=== Problem statement ===
After locating the line that contains "Męskie sportowe sneakersy", output that line and each one following it, exactly, to the end of the entries. No pictures.

Dataset excerpts:
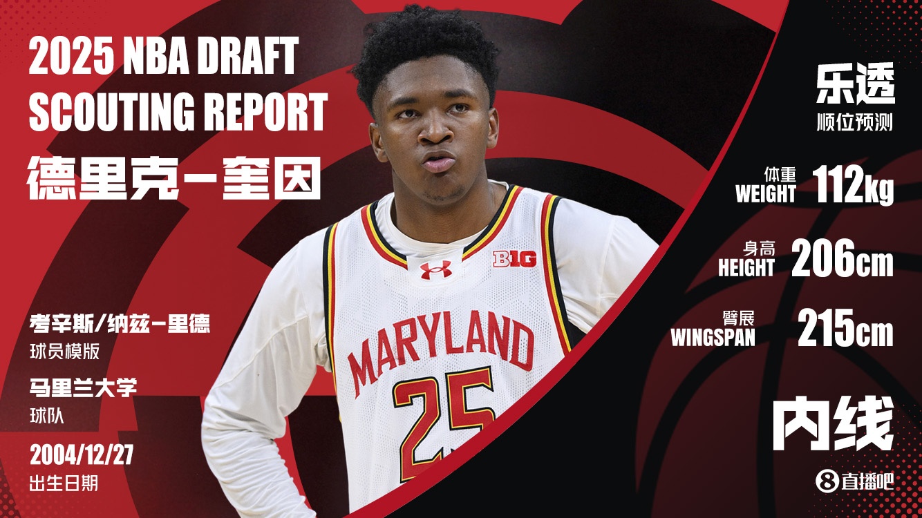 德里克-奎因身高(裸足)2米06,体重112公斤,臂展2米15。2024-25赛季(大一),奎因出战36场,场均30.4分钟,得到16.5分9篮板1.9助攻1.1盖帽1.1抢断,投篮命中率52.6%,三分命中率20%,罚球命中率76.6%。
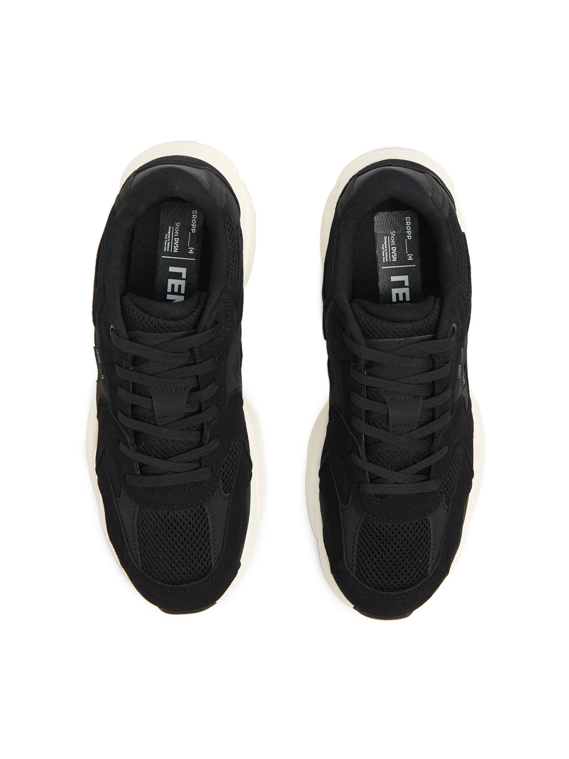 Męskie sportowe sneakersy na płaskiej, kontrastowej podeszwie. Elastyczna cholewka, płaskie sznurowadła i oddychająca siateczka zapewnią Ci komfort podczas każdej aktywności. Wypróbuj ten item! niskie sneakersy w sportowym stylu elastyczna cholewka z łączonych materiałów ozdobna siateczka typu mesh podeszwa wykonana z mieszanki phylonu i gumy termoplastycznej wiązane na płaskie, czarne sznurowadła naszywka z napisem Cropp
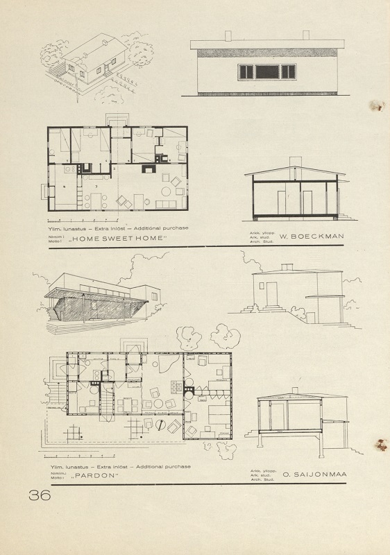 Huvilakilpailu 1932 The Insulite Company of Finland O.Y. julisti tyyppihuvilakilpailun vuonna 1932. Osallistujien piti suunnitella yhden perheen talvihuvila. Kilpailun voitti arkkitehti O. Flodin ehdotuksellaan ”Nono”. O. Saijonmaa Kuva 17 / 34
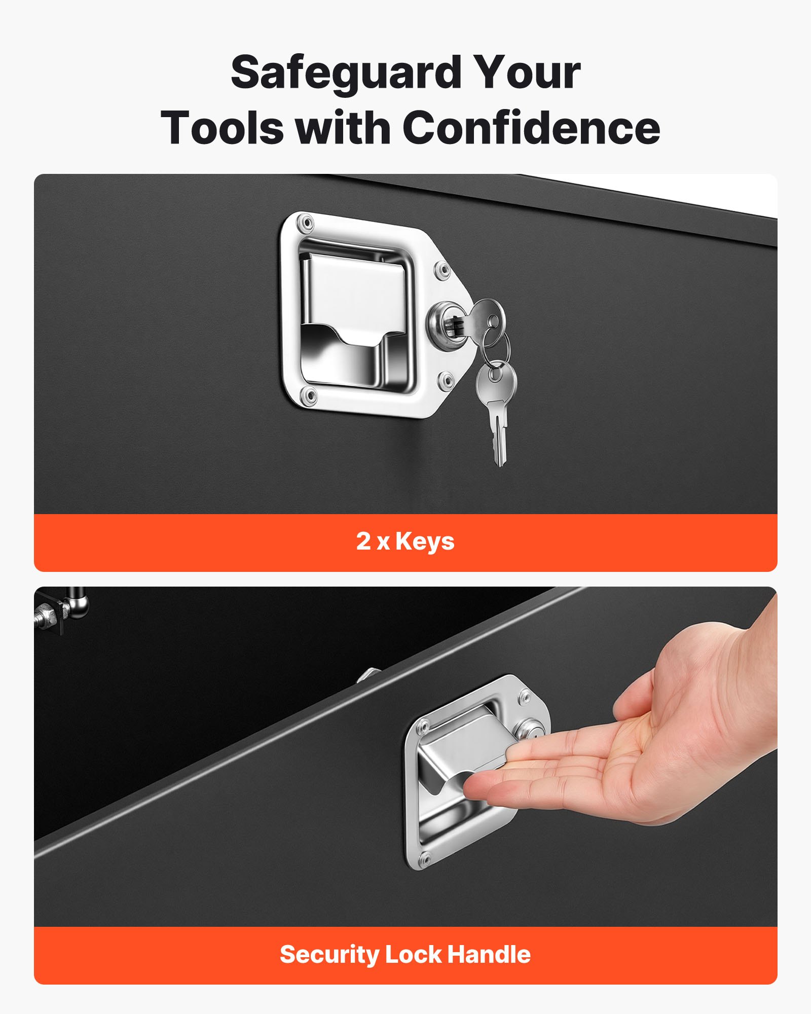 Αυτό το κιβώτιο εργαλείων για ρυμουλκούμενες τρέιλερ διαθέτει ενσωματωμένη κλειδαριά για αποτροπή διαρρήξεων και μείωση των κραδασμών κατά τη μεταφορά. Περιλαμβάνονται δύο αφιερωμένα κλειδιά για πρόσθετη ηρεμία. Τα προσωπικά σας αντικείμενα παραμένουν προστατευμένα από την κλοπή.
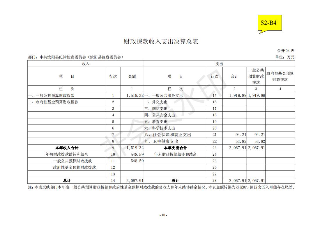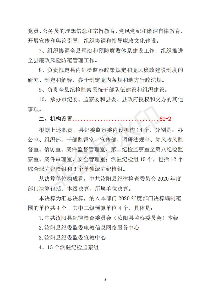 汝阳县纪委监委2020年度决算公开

=== Response area ===
 Męskie sportowe sneakersy na płaskiej, kontrastowej podeszwie. Elastyczna cholewka, płaskie sznurowadła i oddychająca siateczka zapewnią Ci komfort podczas każdej aktywności. Wypróbuj ten item! niskie sneakersy w sportowym stylu elastyczna cholewka z łączonych materiałów ozdobna siateczka typu mesh podeszwa wykonana z mieszanki phylonu i gumy termoplastycznej wiązane na płaskie, czarne sznurowadła naszywka z napisem Cropp
 Huvilakilpailu 1932 The Insulite Company of Finland O.Y. julisti tyyppihuvilakilpailun vuonna 1932. Osallistujien piti suunnitella yhden perheen talvihuvila. Kilpailun voitti arkkitehti O. Flodin ehdotuksellaan ”Nono”. O. Saijonmaa Kuva 17 / 34
 Αυτό το κιβώτιο εργαλείων για ρυμουλκούμενες τρέιλερ διαθέτει ενσωματωμένη κλειδαριά για αποτροπή διαρρήξεων και μείωση των κραδασμών κατά τη μεταφορά. Περιλαμβάνονται δύο αφιερωμένα κλειδιά για πρόσθετη ηρεμία. Τα προσωπικά σας αντικείμενα παραμένουν προστατευμένα από την κλοπή.
 汝阳县纪委监委2020年度决算公开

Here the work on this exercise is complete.